[INPUT — start]

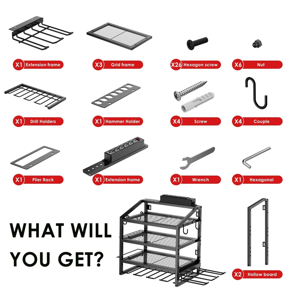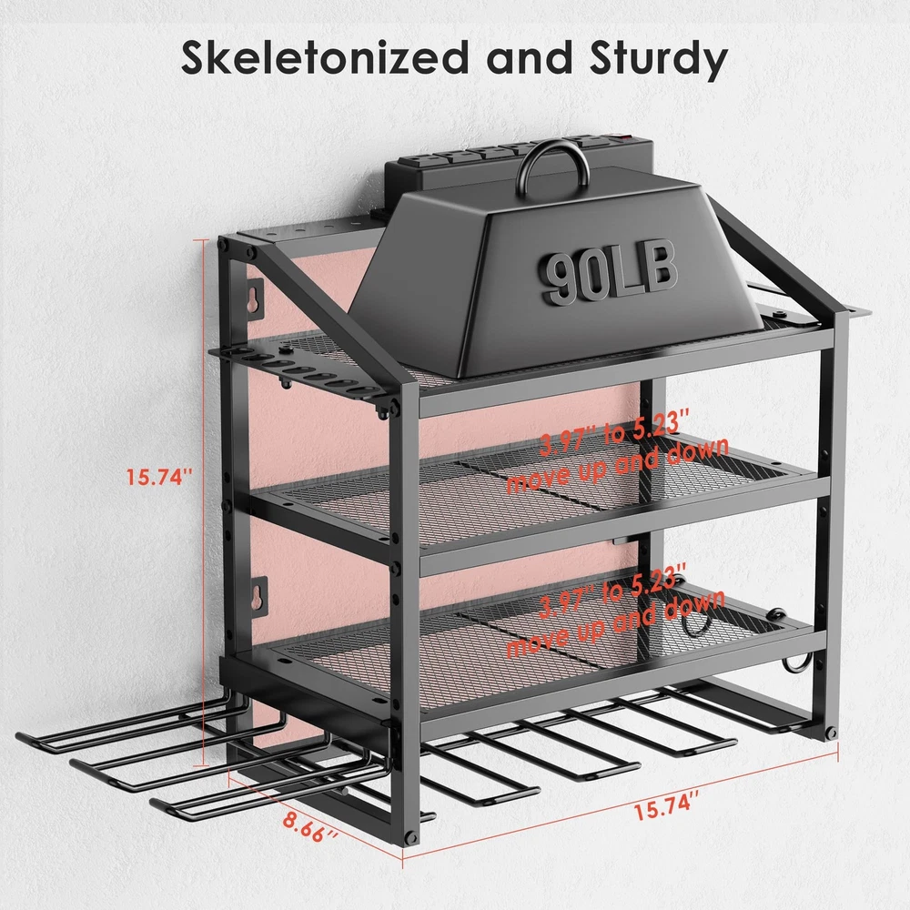 storage and organization : The power tool charging station have 6 AC power outlets, 5 ft power cord, 125V/15A/1875W output, this power tool organizeris suitable for a variety of places such as garages, tool rooms, yards and more. 4 Tiers of Efficient Storage: First tier for cordless tools, second tier is height-adjustable (three centimeters up and down), third tier for garage tools, bottom tier for 4 cordless drills, side tier for 6 pliers and hammers, 4 long hooks, and a drill holder for 2 drills. Drill Holder Wall Mount: Easily hang the tool rack on different walls, such as wall control pegboard, concrete, brick, wood wall, etc., the size of this tool organizer wall mount is 15.75*15.75*8.66 inch, but the skeletonized design allows the to Upgraded Tool Organizer with Charging Station: The power tool organizer with power strip is equipped with 6 outlets and is very convenient for charging tool batteries. This power tool organizeris suitable for a variety of places such as garages, tool rooms, yards and more. 4 Tiers of Efficient Storage: First tier for cordless tools, second tier is height-adjustable (three centimeters up and down), third tier for garage tools, bottom tier for 4 cordless drills, side tier for 6 pliers and hammers, 4 long hooks, and a drill holder for 2 drills. Drill Holder Wall Mount: Easily hang the tool rack on different walls, such as wall control pegboard, concrete, brick, wood wall, etc., the size of this tool organizer wall mount is 15.75*15.75*8.66 inch, but the skeletonized design allows the tool holder to store longer items. HOLD 55 LBS, EASY TO ASSEMBLE: Made of sturdy steel with precision cut and reinforced construction, holds up to 55 lbs, modular design for easy assembly, comes with instructions and can be set up in less than 15 minutes. EXCELLENT AFTER-SALES SERVICE: Our brand offers 2 years after-sales guarantee service for all products, please feel free to contact us if you have any questions. MENS CHRISTMAS GIFTS: Ideal as a Christmas gifts for men, dad, husband, brother, son, or any man in your life, our power tool organizer blends utility Men style to maximize their garage organization.
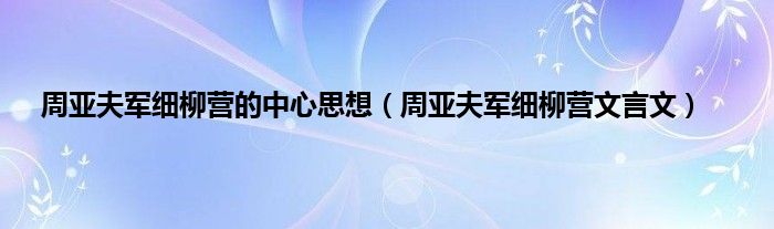 大家好,小问来为大家解答以上问题。周亚夫军细柳营的中心思想,周亚夫军细柳营文言文这个很多人还不知道,现在让我们一起来看看吧!
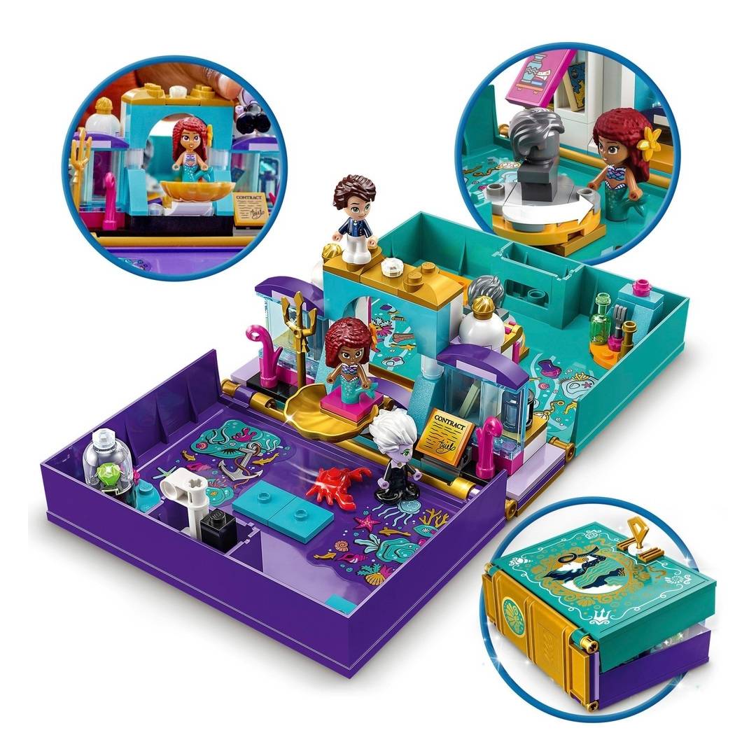 Contiene minifiguras de Ariel y un cangrejo, además de accesorios que enriquecen la narrativa del cuento
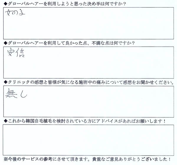 女性体験者経過
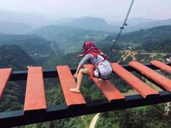 这座风景区里有一个很大的旅游项目,就是跨这个横栏了,架在高空当中,有恐高的人可千万不要去轻易的尝试这个项目。

[INPUT — finish]

### EXERCISE PROMPT
Whenever a picture appears, leave it out, and return every record exactly.

### ANSWER SECTION
 storage and organization : The power tool charging station have 6 AC power outlets, 5 ft power cord, 125V/15A/1875W output, this power tool organizeris suitable for a variety of places such as garages, tool rooms, yards and more. 4 Tiers of Efficient Storage: First tier for cordless tools, second tier is height-adjustable (three centimeters up and down), third tier for garage tools, bottom tier for 4 cordless drills, side tier for 6 pliers and hammers, 4 long hooks, and a drill holder for 2 drills. Drill Holder Wall Mount: Easily hang the tool rack on different walls, such as wall control pegboard, concrete, brick, wood wall, etc., the size of this tool organizer wall mount is 15.75*15.75*8.66 inch, but the skeletonized design allows the to Upgraded Tool Organizer with Charging Station: The power tool organizer with power strip is equipped with 6 outlets and is very convenient for charging tool batteries. This power tool organizeris suitable for a variety of places such as garages, tool rooms, yards and more. 4 Tiers of Efficient Storage: First tier for cordless tools, second tier is height-adjustable (three centimeters up and down), third tier for garage tools, bottom tier for 4 cordless drills, side tier for 6 pliers and hammers, 4 long hooks, and a drill holder for 2 drills. Drill Holder Wall Mount: Easily hang the tool rack on different walls, such as wall control pegboard, concrete, brick, wood wall, etc., the size of this tool organizer wall mount is 15.75*15.75*8.66 inch, but the skeletonized design allows the tool holder to store longer items. HOLD 55 LBS, EASY TO ASSEMBLE: Made of sturdy steel with precision cut and reinforced construction, holds up to 55 lbs, modular design for easy assembly, comes with instructions and can be set up in less than 15 minutes. EXCELLENT AFTER-SALES SERVICE: Our brand offers 2 years after-sales guarantee service for all products, please feel free to contact us if you have any questions. MENS CHRISTMAS GIFTS: Ideal as a Christmas gifts for men, dad, husband, brother, son, or any man in your life, our power tool organizer blends utility Men style to maximize their garage organization.
 大家好,小问来为大家解答以上问题。周亚夫军细柳营的中心思想,周亚夫军细柳营文言文这个很多人还不知道,现在让我们一起来看看吧!
 Contiene minifiguras de Ariel y un cangrejo, además de accesorios que enriquecen la narrativa del cuento
 女性体験者経過
 这座风景区里有一个很大的旅游项目,就是跨这个横栏了,架在高空当中,有恐高的人可千万不要去轻易的尝试这个项目。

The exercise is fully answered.